# Turbo BL35?



## carsonb (Mar 15, 2003)

On chargeing you can save 3 set ups, I have the three setups in the charger but, I can't figure out how to get to setup 2 and 3 to use them. I hope this question make sense.


----------



## irvan36mm (Oct 2, 2001)

Carsonb- This is from the CE website:

*SAVE SETUP SETTABLE VALUES*
_To get to this mode, push the (SETUP) button until the message ‘SAVE SETUP X‘ appears.

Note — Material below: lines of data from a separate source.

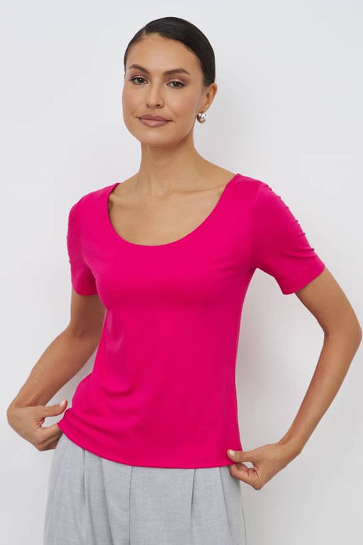 Двухслойный джемпер полуприлегающего силуэта из вискозного эластичного полотна. Втачной короткий рукав, круглый вырез горловины. Благодаря двухслойности переда и спинки изделие скрывает мелкие недочёты фигуры и делает силуэт более ровным. Актуальный джемпер придаст совершено особое звучание и строгим классическим брюкам, и нарядной юбке и даже спортивному костюму. Его легко применять для создания разных образов.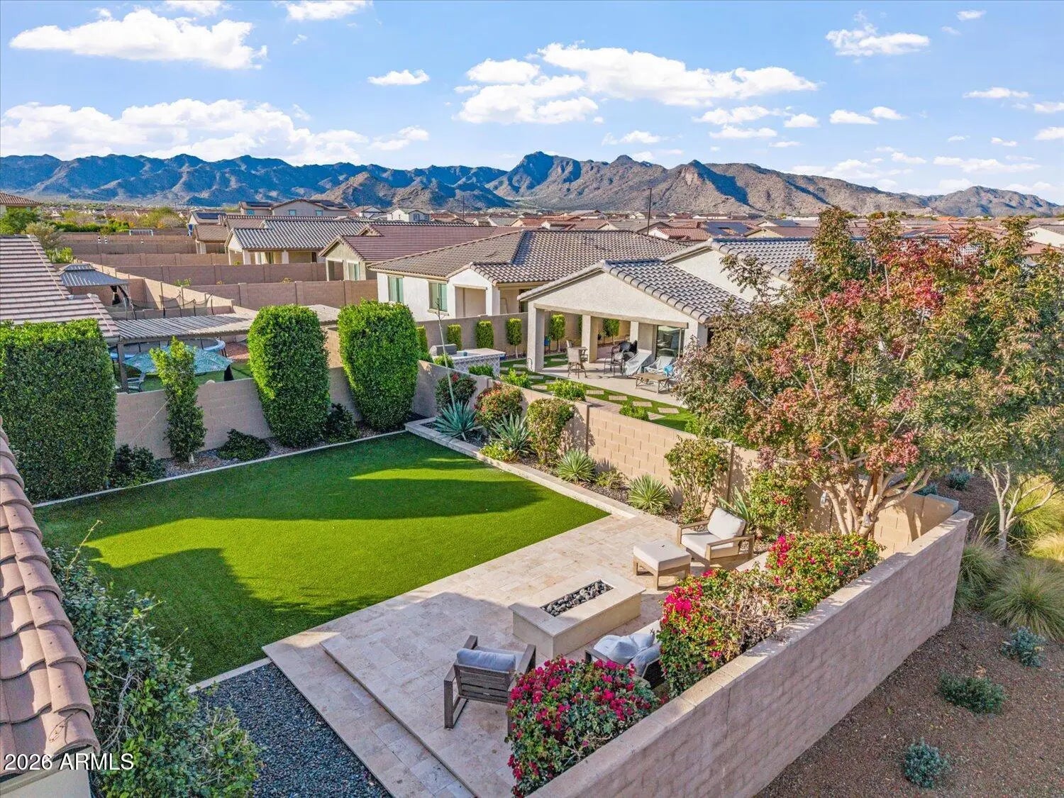 Stunning Verrado home ideally located next to green space with no neighbor on one side! Step inside to a wide entryway with 24x24 tile flooring and tray ceilings. Discover a true chef's kitchen featuring shaker cabinetry with crown molding, quartz countertops, and a large island accented by pendant lighting. The kitchen is equipped with a wall oven and microwave, oversized range with pull-out drawers, deep stainless steel sink, farm-style faucet, and a walk-in pantry—perfect for entertaining and everyday living. Enjoy seamless indoor-outdoor living with both triple and double sliding doors leading to a beautifully designed backyard with extended travertine, turf, gas firepit, hardwired low-voltage lighting, pavers to the side gate and a gas stub ready for a future BBQ. The primary suite offers a spa-like retreat with a walk-in super shower, dual upgraded-height quartz vanities, Moen faucets, and a spacious walk-in closet with custom shelves and drawers, conveniently connected to the laundry room and bedroom. Secondary bedrooms feature laminate plank flooring, custom Murphy bed in one room and a built in desk in the other. Each Room connects to a Jack-and-Jill bath with upgraded square sinks, quartz counters, and shaker cabinetry. Additional highlights include custom curtains and rods throughout, Cat 6 and surround-sound prewire, loop ready for a soft water system and laundry room plumbing for a sink. Located close to Verrado High School and nestled in the highly sought-after Verrado community, residents enjoy resort-style pools, shopping, dining, community events, hiking, and scenic trails. This exceptional home offers luxury, functionality, and an unbeatable location!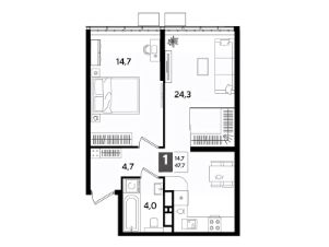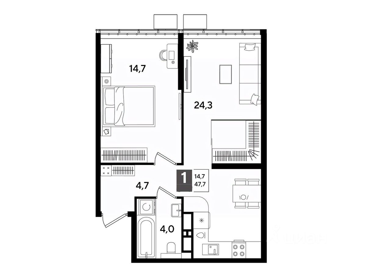 В продаже 1-комнатная квартира от застройщика! Мкр. "DOGMA PARK" г. Краснодар, Литер 32 Срок сдачи: 3 кв. 2027, общей площадью 47.7 кв.м., на 12 этаже.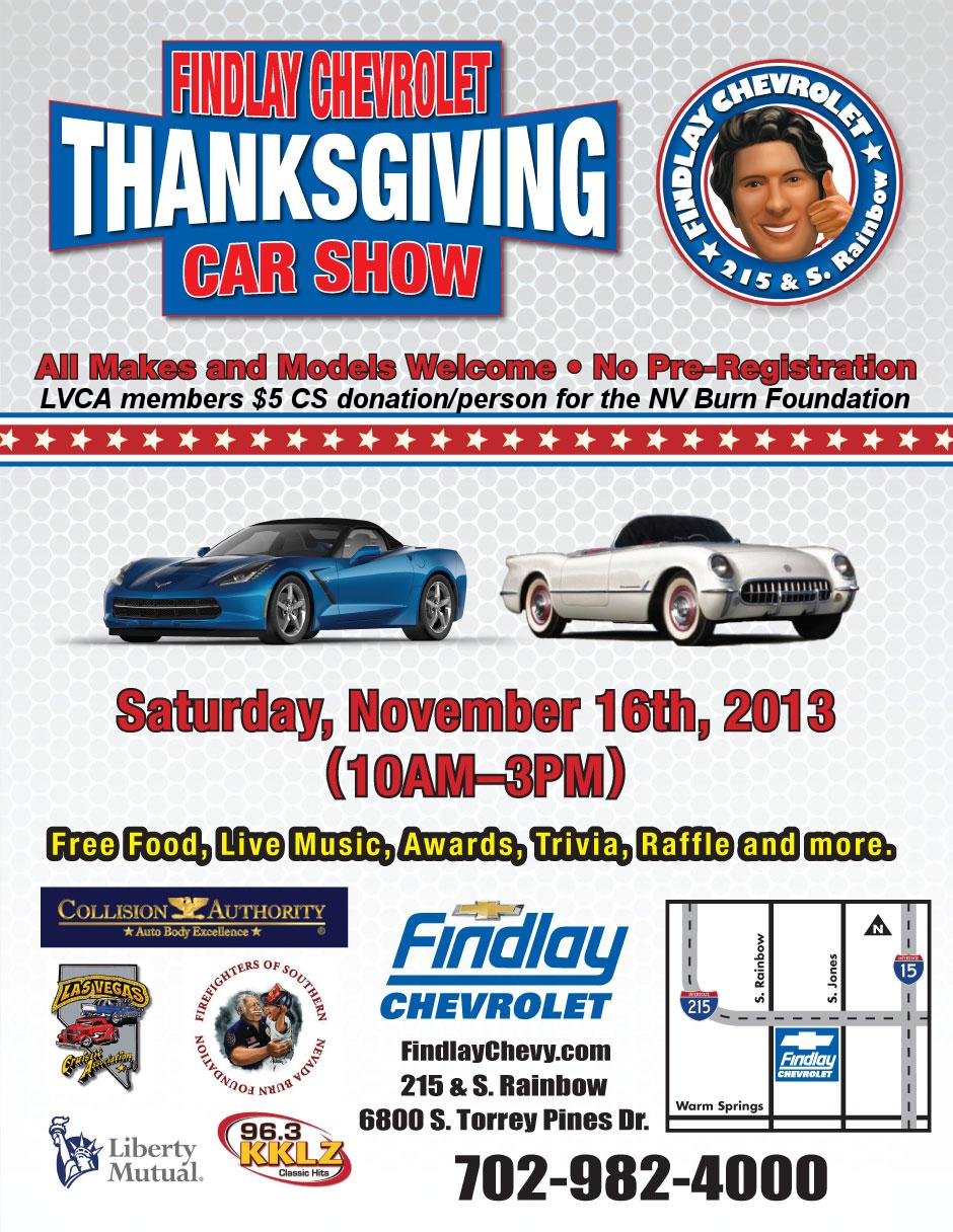 November 16 | Findlay Chevrolet Thanksgiving Car Show (CS) Community Service is for the NV Burn Foundation |

Pushing the (START) button will store all the settable values in one of the three selectable power down memories for use the next time you power up the TURBO35. _
*LOAD SETUP SETTABLE VALUES*
_To get to this mode, push the (SETUP) button until the message ‘LOAD SETUP X‘ appears. Pushing the (START) button will load all the settable values from one of the three selectable power down memories_

You will be looking for the "LOAD SETUP__" screen. Use the "UP ARROW/OFF" button to change the setup # & press enter to load the setup. The same works for saving new setups,except look for "SAVE SETUP___" Hope this helps!
-George


----------



## carsonb (Mar 15, 2003)

*Turbo 35Bl*

Thanks you solved my problem.


----------